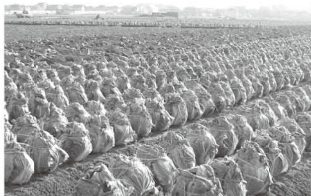
冬穫りはくさい（守山市）
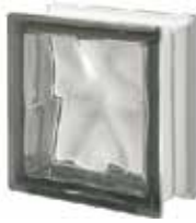
NORDICA Q19 O SAP CODE: 120762
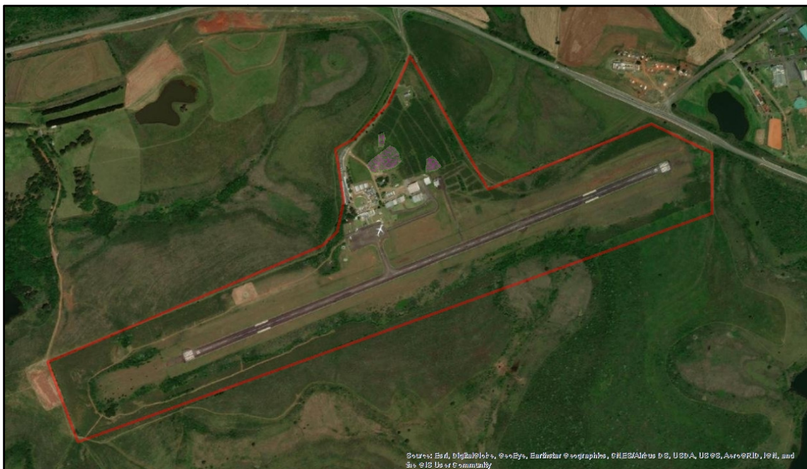
Figura 1: Área de intervenção

A figura abaixo ilustra a área que está sofrendo intervenção.
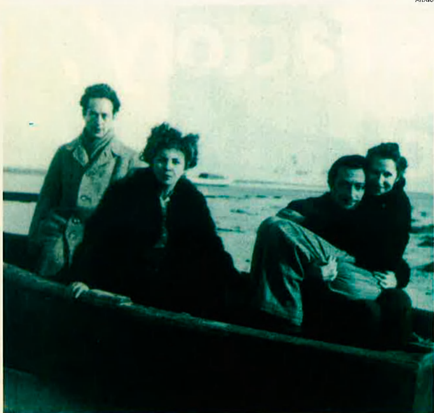
D'esquerra a dreta: Paul Éluard, una amiga, Salvador Dalí i Gala.

ta del seu imaginari s'emmotlla en el marc industrial. Joies, articles decoratius, tot un merchandising , al capdavant que Dalí signa i executa a canvi de l'èxit econòmic, el motor del qual és el silenci materialista de Gala. Estima els diners per sobre de tot. Però no com a traducció del luxe o com a arma poder. La seguretat que li ofereix el capital altera, fins a l'avarícia, el seu vessant estalviador. Davant la mirada dels artistes que sí que han treballat per una causa noble, res a veure amb l'expansió econòmica, Gala es forja una imatge de dona sense cor, àvida de diners, guardiana del patrimoni, guanyat a pes pels tractes amb una clientela de luxe.
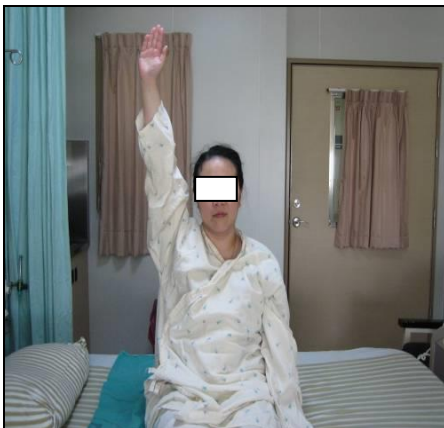
圖五 左手平直抬高過肩
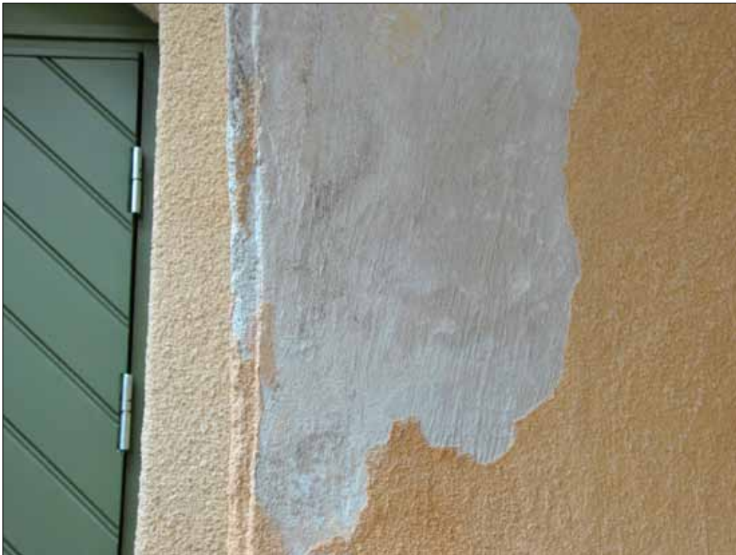
7. Detalj av portiken på hus 1, där tidigare släta och ljusare putslager är synliga. (SLM 2015-978)
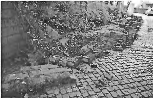
O muro da Quinta do Cristina, do lado poente não aguentou a força da água e cedeu, impedindo a passagem dos veículos

A forte intempérie que ocorreu na noite de 22 de outubro no norte do país afetou a freguesia de S. Bartolomeu do Mar, no concelho de Esposende, de uma forma que causou inúmeros prejuízos a muitos proprietários.
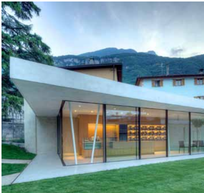
Le Verre Capricieux - Padiglione nel parco, Termeno, David Stuflesser
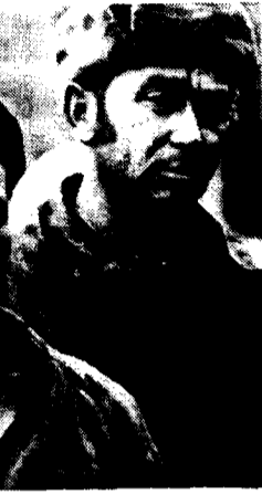
A LA SUITE DES VIOLENCES POLICIÈRES, LES MANŒUVRES DU SYNDICAT SOLIDARITE S'EM-PLOIENT A STERILISER LA COLERE ET LA DETERMINATION DES OUVRIERS DE POLOGNE.

taliste, les pays d'Europe de l'Est, comme d'ailleurs l'ensemble des pays au capitalisme faible, ou tardif, éprouvent par contre les plus grandes
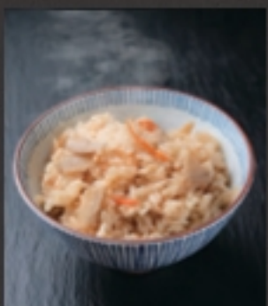
かやくごはん 税込 275円 大盛り + 110円 税込 110円
-------
# TASK ITEM
A faithful copy of all the entries is required, pictures excluded.

# RESPONSE TO THIS EXERCISE
冬穫りはくさい（守山市）
NORDICA Q19 O SAP CODE: 120762
Figura 1: Área de intervenção

A figura abaixo ilustra a área que está sofrendo intervenção.
D'esquerra a dreta: Paul Éluard, una amiga, Salvador Dalí i Gala.

ta del seu imaginari s'emmotlla en el marc industrial. Joies, articles decoratius, tot un merchandising , al capdavant que Dalí signa i executa a canvi de l'èxit econòmic, el motor del qual és el silenci materialista de Gala. Estima els diners per sobre de tot. Però no com a traducció del luxe o com a arma poder. La seguretat que li ofereix el capital altera, fins a l'avarícia, el seu vessant estalviador. Davant la mirada dels artistes que sí que han treballat per una causa noble, res a veure amb l'expansió econòmica, Gala es forja una imatge de dona sense cor, àvida de diners, guardiana del patrimoni, guanyat a pes pels tractes amb una clientela de luxe.
圖五 左手平直抬高過肩
7. Detalj av portiken på hus 1, där tidigare släta och ljusare putslager är synliga. (SLM 2015-978)
O muro da Quinta do Cristina, do lado poente não aguentou a força da água e cedeu, impedindo a passagem dos veículos

A forte intempérie que ocorreu na noite de 22 de outubro no norte do país afetou a freguesia de S. Bartolomeu do Mar, no concelho de Esposende, de uma forma que causou inúmeros prejuízos a muitos proprietários.
Le Verre Capricieux - Padiglione nel parco, Termeno, David Stuflesser
A LA SUITE DES VIOLENCES POLICIÈRES, LES MANŒUVRES DU SYNDICAT SOLIDARITE S'EM-PLOIENT A STERILISER LA COLERE ET LA DETERMINATION DES OUVRIERS DE POLOGNE.

taliste, les pays d'Europe de l'Est, comme d'ailleurs l'ensemble des pays au capitalisme faible, ou tardif, éprouvent par contre les plus grandes
かやくごはん 税込 275円 大盛り + 110円 税込 110円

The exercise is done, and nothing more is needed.